Impressions on the Shroud of Turin – Story in the Modesto Bee Faith & Values Section
Interesting story, worth reading in its entirety.
Dr. Steve Wunschel, a Modesto urologist, went to see the shroud with his wife, Beka, and their two daughters, Madeline and Liza. They had planned to be in Italy but didn’t know about the shroud exhibit until their pastor, the Rev. Joseph Illo of St. Joseph’s Church, told them about it and offered to get them tickets.
Illo spent nine months in Italy on a study leave and, along with other priests in Italy, had been asked by the Vatican to spend time in Torino hearing confessions for the 2 million people who showed up to see the shroud. This was only the fifth public exposition of the shroud since 1898 and the longest in its modern history.

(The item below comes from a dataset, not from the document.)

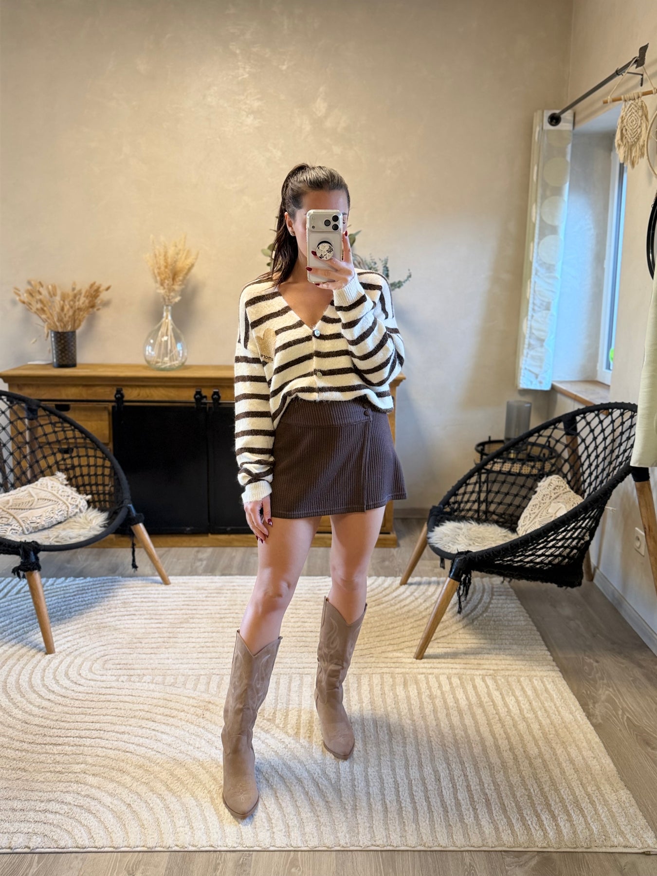 👉 Alicia mesure 1m57 et porte la taille unique, associée à une jupe-short chocolat.

Illo saw the shroud three times, including one memorable, private moment with only two other priests in the church.
Merilyn Copland, an Old Testament, history and archaeology professor at William Jessup University in Rocklin, was in Modesto last week to give a seminar on the top 10 discoveries in biblical archaeology. The shroud is one of those, and although she hasn’t seen it, she has seen a bronze statue made from the cloth’s measurements and markings. The bronze figure is on display in Jerusalem.
Last week, the Wunschels, Illo and Copland shared with The Bee their experiences and beliefs regarding the shroud:
Read the entire story: Strong impressions from the Shroud of Turin – Faith & Values – Modbee.com
The Shroud of Turin may be the real burial cloth of Jesus. The carbon dating, once seemingly proving it was a medieval fake, is now widely thought of as suspect and meaningless. Even the famous Atheist Richard Dawkins admits it is controversial. Christopher Ramsey, the director of the Oxford Radiocarbon Laboratory, thinks more testing is needed. So do many other scientists and archeologists. This is because there are significant scientific and non-religious reasons to doubt the validity of the tests. Chemical analysis, all nicely peer-reviewed in scientific journals and subsequently confirmed by numerous chemists, shows that samples tested are chemically unlike the whole cloth. It was probably a mixture of older threads and newer threads woven into the cloth as part of a medieval repair. Recent robust statistical studies add weight to this theory. Philip Ball, the former physical science editor for Nature when the carbon dating results were published, recently wrote: “It’s fair to say that, despite the seemingly definitive tests in 1988, the status of the Shroud of Turin is murkier than ever.” If we wish to be scientific we must admit we do not know how old the cloth is. But if the newer thread is about half of what was tested – and some evidence suggests that – it is possible that the cloth is from the time of Christ.